Lulinha indiciado por 4 crimes na CPMI do INSS: Barraco entre deputados marca fim da investigação

Lulinha indiciado por 4 crimes na CPMI do INSS: Barraco entre deputados marca fim da investigação

Resumo

CPMI do INSS conclui trabalhos com indiciamento de Lulinha e bate-boca entre parlamentares

A Comissão Parlamentar de Inquérito (CPMI) do INSS encerrou suas atividades com um desfecho bombástico: o indiciamento formal de Luiz Cláudio Lula da Silva, conhecido como Lulinha, por quatro crimes.

A decisão ocorreu na última sexta-feira (27), após a leitura do relatório final pelo relator da comissão, Alfredo Gaspar. A sessão foi marcada por um intenso embate verbal entre parlamentares, evidenciando a tensão política em torno das investigações.

O encerramento da CPMI, que teve sua prorrogação negada pelo Supremo Tribunal Federal (STF), não significa o fim das apurações. Os desdobramentos agora seguem para a esfera judicial, tanto no STF quanto em instâncias inferiores. Conforme informação divulgada, o relatório final da CPMI do INSS aponta que Lulinha está formalmente indiciado por tráfico de influência, lavagem ou ocultação de bens, organização criminosa e participação em corrupção passiva.

Troca de acusações marca sessão final da CPMI

Momentos antes da apresentação do relatório, um incidente chamou a atenção. O deputado petista Lindbergh Farias acusou Alfredo Gaspar de ser um estuprador. A acusação, considerada sem fundamento, gerou uma resposta contundente de Gaspar, que declarou: “Eu estuprei corruptos iguais a você, que roubam o Brasil. Ladrão, lave sua boca, bandido.”
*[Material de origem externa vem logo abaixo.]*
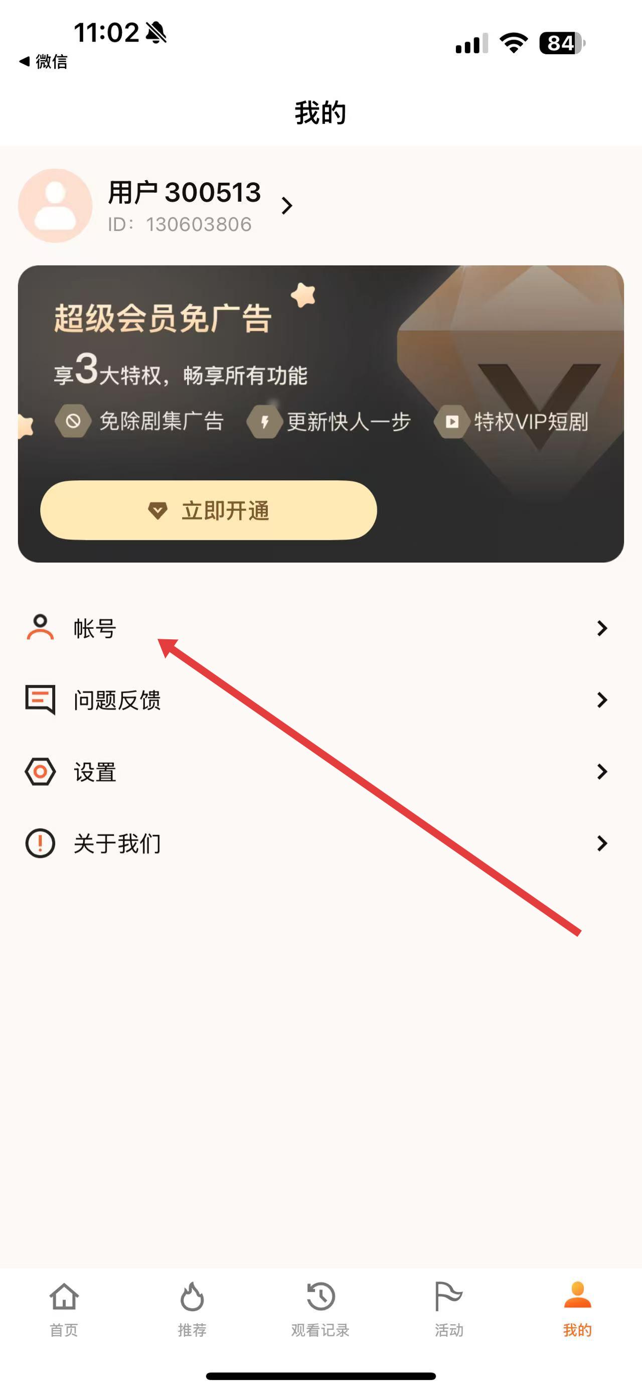 2、在個(gè)人頁面中,點(diǎn)擊帳號選項(xiàng),進(jìn)入帳號設(shè)置界面。
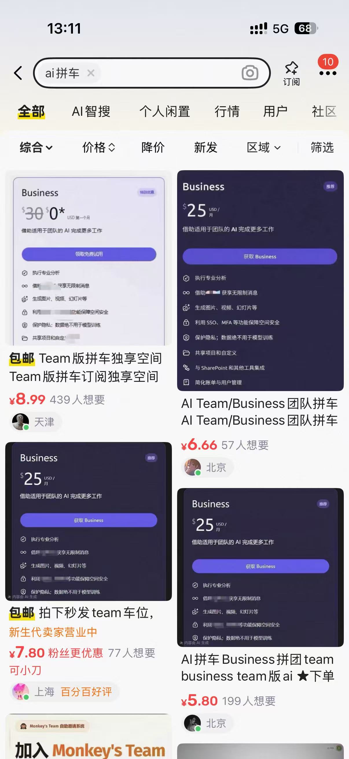 打开手机里的闲鱼 App,在搜索框里直接搜索关键字:“AI 拼车” 或者 “GPT 拼车卡密”。

Gaspar, ex-promotor de Justiça e com vasta experiência em combate ao crime organizado, rebateu as ofensas em coletiva de imprensa. Ele classificou Lindbergh Farias como “criminoso, um usuário de drogas! Seu lugar é na prisão! Seu cafetão, usuário de drogas! Seu ladrão!”. A confusão expôs o que o relator descreveu como “desespero da esquerda” diante de um relatório considerado “devastador”.

Lulinha teria atuado como “sócio oculto” em esquemas

O relatório da CPMI detalha que Lulinha, “valendo-se de seu prestígio familiar e de sua capacidade de trânsito em instâncias governamentais, teria atuado como facilitador de acesso e possível sócio oculto” em esquemas envolvendo o Ministério da Saúde e a Anvisa. Segundo as investigações, ele teria recebido “vultuosos repasses financeiros” por meio da empresária e lobista petista Roberta Luchsinger.

A conclusão da comissão é que Lulinha teria “vendido o prestígio do sobrenome do pai para facilitar esquemas criminosos em troca de dinheiro”. O relatório se baseia em “elementos probatórios colhidos ao longo dos trabalhos desta CPMI, bem como nas informações constantes da decisão proferida pelo ministro André Mendonça, do STF”.

Indiciamento em massa e possíveis investigações futuras

Além de Lulinha, o relatório pediu o indiciamento de **duzentas e dezesseis pessoas**. Entre os nomes citados estão o banqueiro Daniel Vorcaro, o senador Weverton Rocha (PDT-MA), o deputado Euclydes Pettersen (Republicanos-MG), Roberta Luchsinger, o “Careca do INSS” e a ex-marqueteira do PT, Danielle Fonteles. A dimensão do esquema, que teria “roubado velhinhos do INSS de forma sistemática, organizada, em múltiplas frentes”, impressiona.

O documento também solicitou a investigação de ministros do STF. Apesar das tentativas de obstrução e da negativa de prorrogação da CPMI, o relatório foi considerado “robusto” e entregue à Justiça. Como Lulinha não possui foro privilegiado, o caso deverá ser encaminhado ao Ministério Público Federal de primeiro grau para continuidade das investigações.

Alfredo Gaspar é elogiado pela condução da investigação

O deputado Alfredo Gaspar recebeu elogios pela condução técnica e fundamentada do relatório. Ele enfrentou “pressão política, ataques pessoais baixos e tentativas de desqualificação”, mas manteve o foco na investigação, mesmo tendo como alvo o filho do presidente da República. A atuação de Gaspar é vista como um contraponto à “gritaria” e ao “teatro” de outros parlamentares.

A conclusão da CPMI demonstra que, mesmo diante de adversidades, é possível conduzir investigações sérias. O relatório entregue e as provas documentadas agora seguem para o curso da Justiça, com a expectativa de que as apurações avancem, inclusive sobre ministros, em instâncias onde a atuação dos procuradores pode ocorrer mesmo em casos de foro privilegiado, em situações de improbidade administrativa.